* **Data to examine**
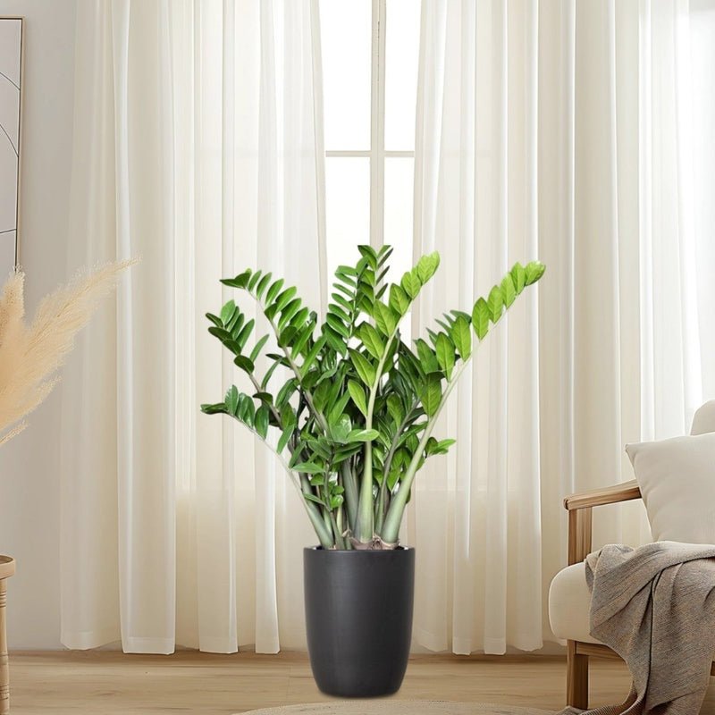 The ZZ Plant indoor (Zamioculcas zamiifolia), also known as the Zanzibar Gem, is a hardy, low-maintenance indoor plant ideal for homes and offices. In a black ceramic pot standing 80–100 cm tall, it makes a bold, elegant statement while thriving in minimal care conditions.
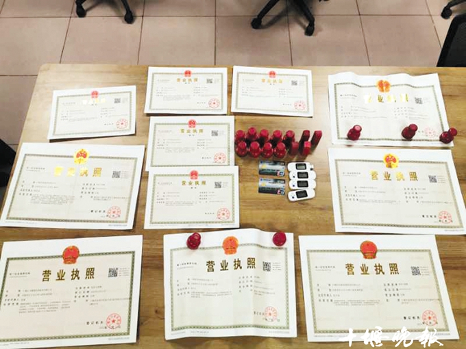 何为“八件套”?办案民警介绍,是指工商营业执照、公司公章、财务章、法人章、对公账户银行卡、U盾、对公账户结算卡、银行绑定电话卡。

---

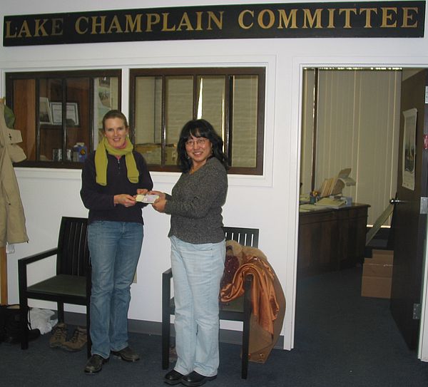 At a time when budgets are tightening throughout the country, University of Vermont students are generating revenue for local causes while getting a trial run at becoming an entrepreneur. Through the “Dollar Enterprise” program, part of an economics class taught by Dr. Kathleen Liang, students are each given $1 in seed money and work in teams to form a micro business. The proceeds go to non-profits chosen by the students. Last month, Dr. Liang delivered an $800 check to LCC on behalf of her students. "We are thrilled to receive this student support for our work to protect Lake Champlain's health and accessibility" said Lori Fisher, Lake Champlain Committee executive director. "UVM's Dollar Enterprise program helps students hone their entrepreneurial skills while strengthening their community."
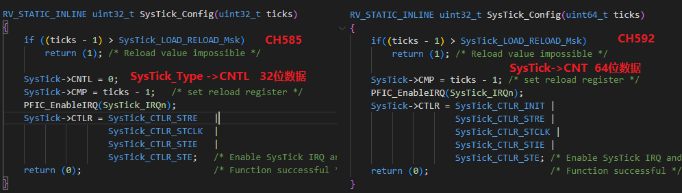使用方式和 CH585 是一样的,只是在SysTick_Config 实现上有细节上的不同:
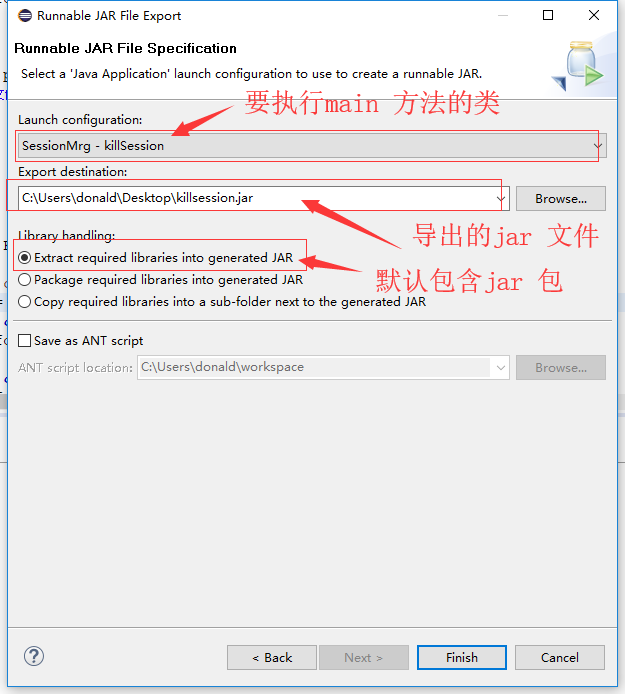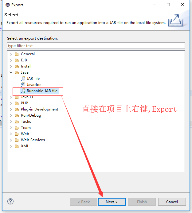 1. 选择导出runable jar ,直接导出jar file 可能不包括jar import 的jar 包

* **Exercise directions**
Pictures aside, return exactly the lines from the data above, starting at the line that has "At a time when" and ending at the line that has "1. 选择导出runable jar", both included.

* **Response box**
 At a time when budgets are tightening throughout the country, University of Vermont students are generating revenue for local causes while getting a trial run at becoming an entrepreneur. Through the “Dollar Enterprise” program, part of an economics class taught by Dr. Kathleen Liang, students are each given $1 in seed money and work in teams to form a micro business. The proceeds go to non-profits chosen by the students. Last month, Dr. Liang delivered an $800 check to LCC on behalf of her students. "We are thrilled to receive this student support for our work to protect Lake Champlain's health and accessibility" said Lori Fisher, Lake Champlain Committee executive director. "UVM's Dollar Enterprise program helps students hone their entrepreneurial skills while strengthening their community."
使用方式和 CH585 是一样的,只是在SysTick_Config 实现上有细节上的不同:
 1. 选择导出runable jar ,直接导出jar file 可能不包括jar import 的jar 包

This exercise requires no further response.